• **Task to complete**
Only the lines from the top of the listing below to the line that has "Crowded arena with" should be echoed, with both ends kept and pictures left out.
________________________
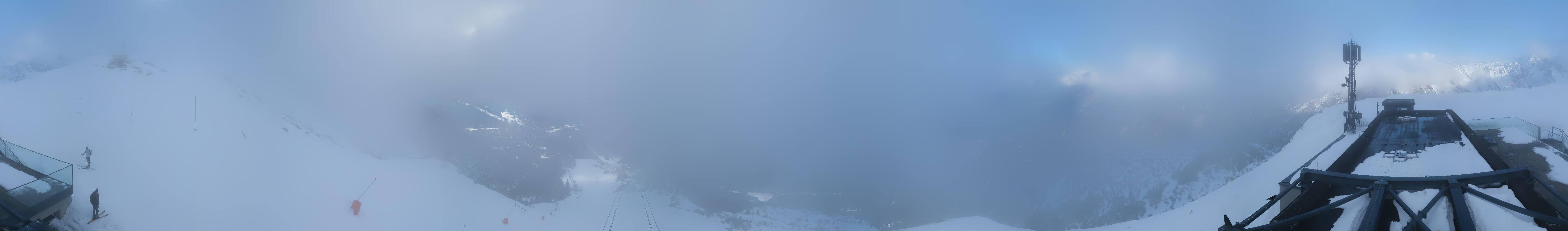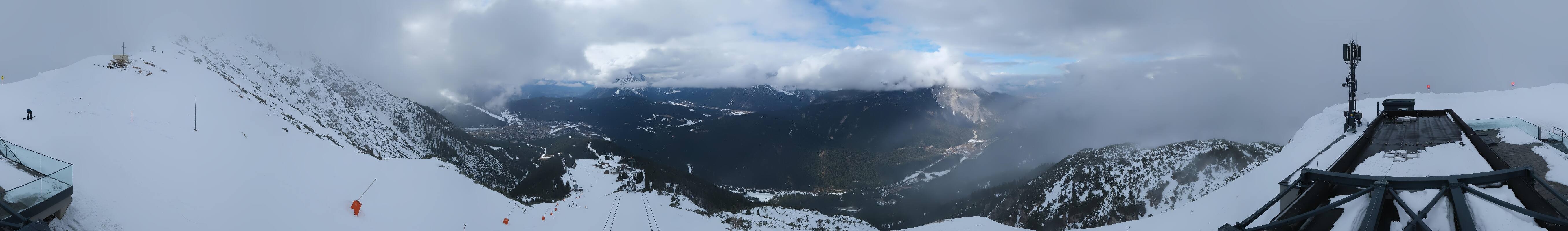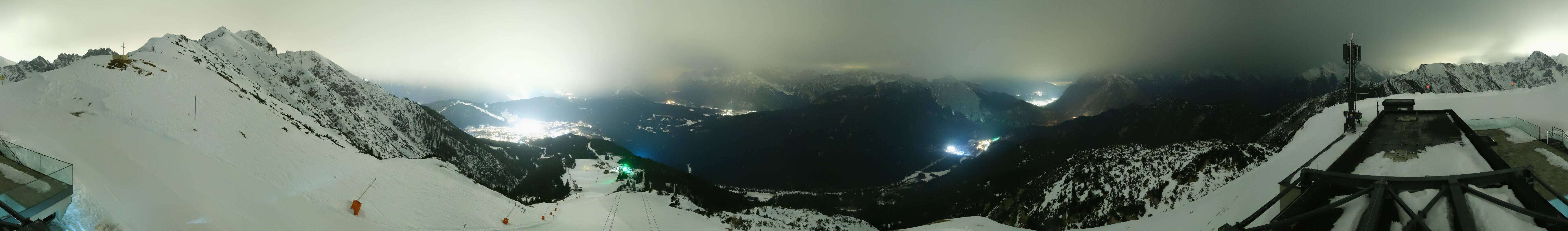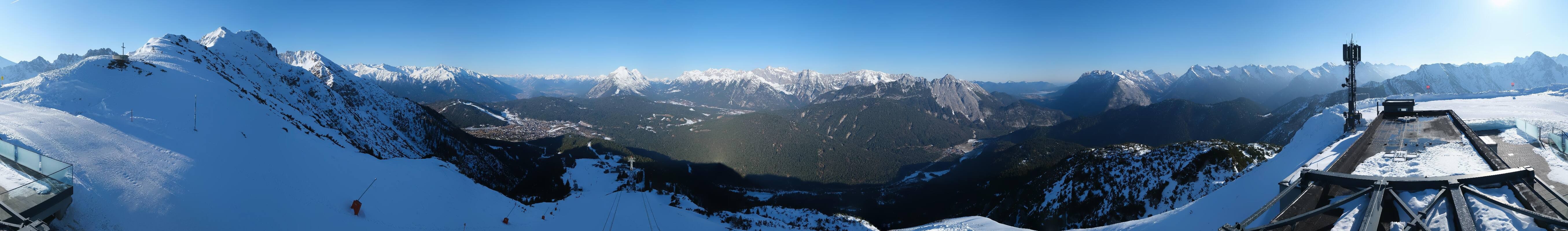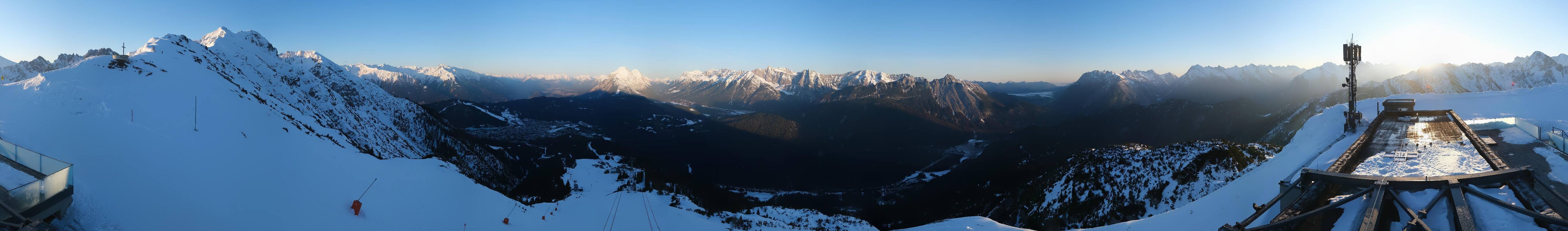 Enjoy the panoramic view from the top station at Seefelder Joch in the Rosshütte ski area down into the valley to Seefeld in Tyrol. In addition to the Seefelder Jochbahn, you can also see the Jochlift and the Rosshütten-Express chairlift.
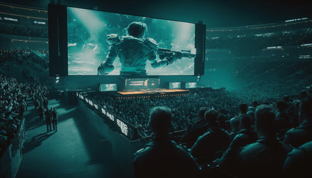 Crowded arena with vibrant lights at an intense esports gaming event
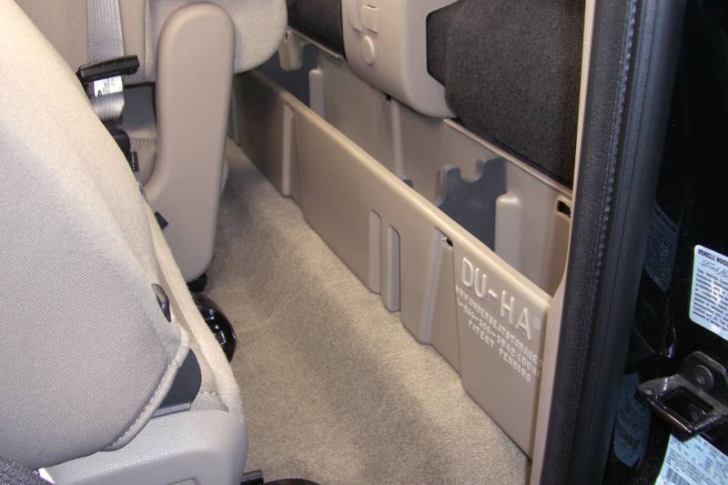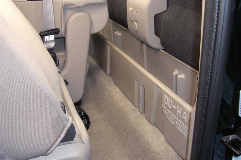 DÜHA 20054 Behind-the-Seat Storage / Gun Case - Black Whether you're a contractor, sports enthusiast, or anyone who values organized and secure storage, the DÜHA Behind-the-seat Storage System is the ultimate under seat truck storage solution for seamless truck storage integration. This innovative truck storage system maximizes space, enhances organization, and keeps your guns, tools, and gear safe and secure. Proudly roto-molded and Made in the USA, the DÜHA Behind-the-seat Storage System comes with a lifetime warranty, reflecting the manufacturer's confidence in its quality and durability. The DÜHA Behind-the-seat Storage System features a durable, heavy-duty roto-molded construction which doesn't allow for flexing and bending. It also includes an easily removable two-piece gun rack/organizer, making it compliant with legal gun case regulations in most states. This allows you to safely store up to two guns which both can be equipped with scopes. You can also remove the dividers to store larger items. The DÜHA Behind-the-seat Storage System seamlessly integrates into your truck's interior, providing a factory-like appearance. it's make/model-specific fit guarantees optimal use of available space without taking up leg room. Elevate the organization and security of your truck's interior with this reliable and purpose-built behind-the-seat storage system. Fitment Notes: Some trucks may need to temporarily remove jack. Instructions are available with purchase or at our resources page. Will NOT FIT with a factory subwoofer. This DÜHA Behind-the-seat Storage System is custom designed to fit'specific Y/M/M regular and crew cab trucks. For crew cab models with a 60/40 split bench seat, you can install both behind-the-seat and under seat storage (Part #20067). Quick Installation: Simple installation with easy instructions Durable Construction: Heavy duty roto-molded construction doesn't allow for flexing and bending Seamless Integration: Exact fitment for your Y/M/M truck. Please double check part numbers Space Optimization: Better use of unused space to fit guns, tools and gear Includes gun rack/organizers, so you can store your guns upright
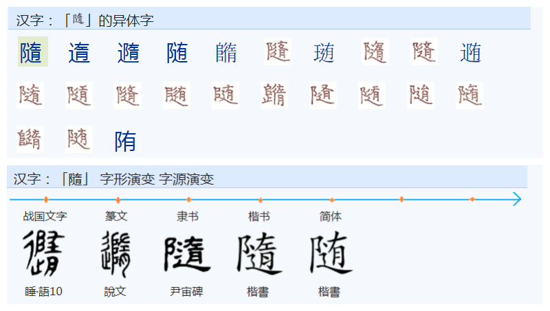 《说文解字》:“隨,从也。从辵、隋声。”。
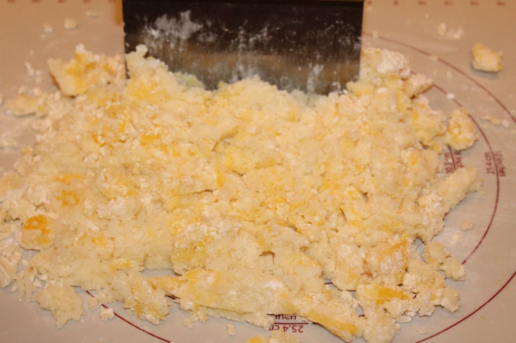 Drizzle the egg yolks on top of the potatoes and sprinkle with ½ cup of sifted flour. Using a bench scraper, chop down repeatedly all over to cut flour and egg yolks into the potato.
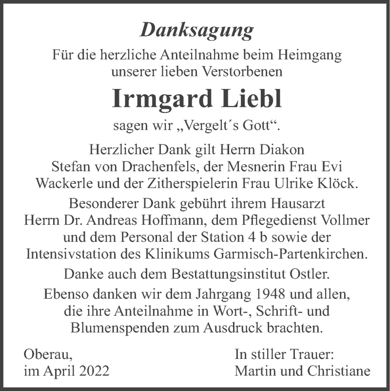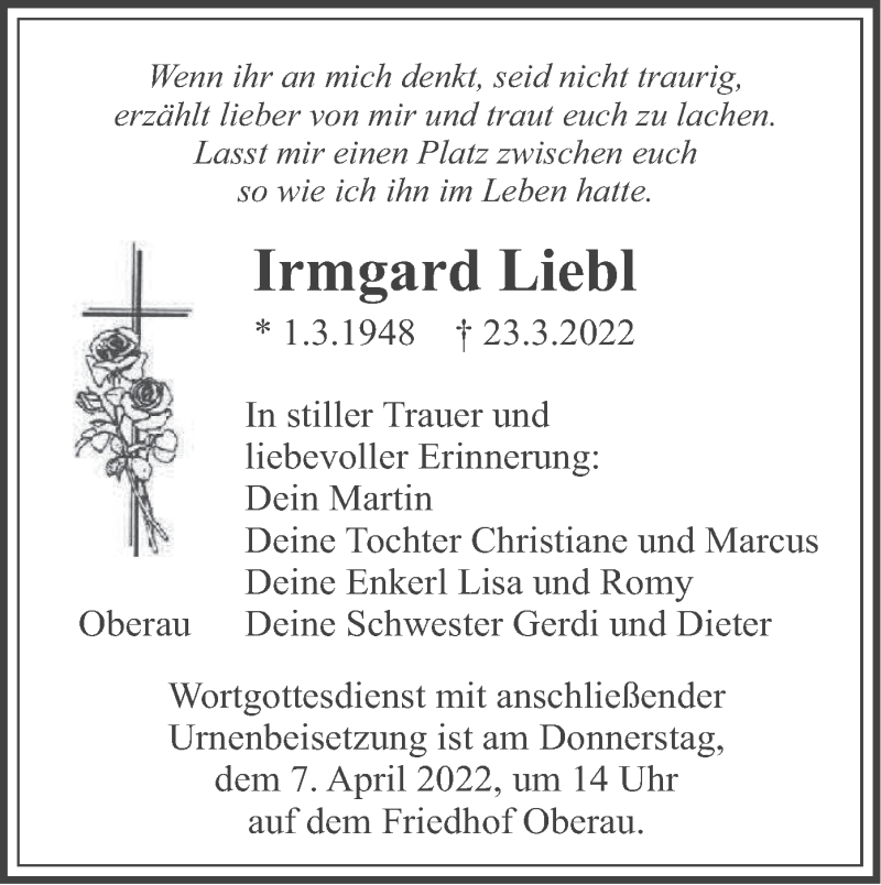 Hier finden Sie alle Traueranzeigen aus der Zeitung, die bisher für Irmgard Liebl erschienen sind. Weitere Traueranzeigen, die in der Zeitung erscheinen, werden hier ebenfalls aufgelistet
________________________
• **Result of this task**
 Enjoy the panoramic view from the top station at Seefelder Joch in the Rosshütte ski area down into the valley to Seefeld in Tyrol. In addition to the Seefelder Jochbahn, you can also see the Jochlift and the Rosshütten-Express chairlift.
 Crowded arena with vibrant lights at an intense esports gaming event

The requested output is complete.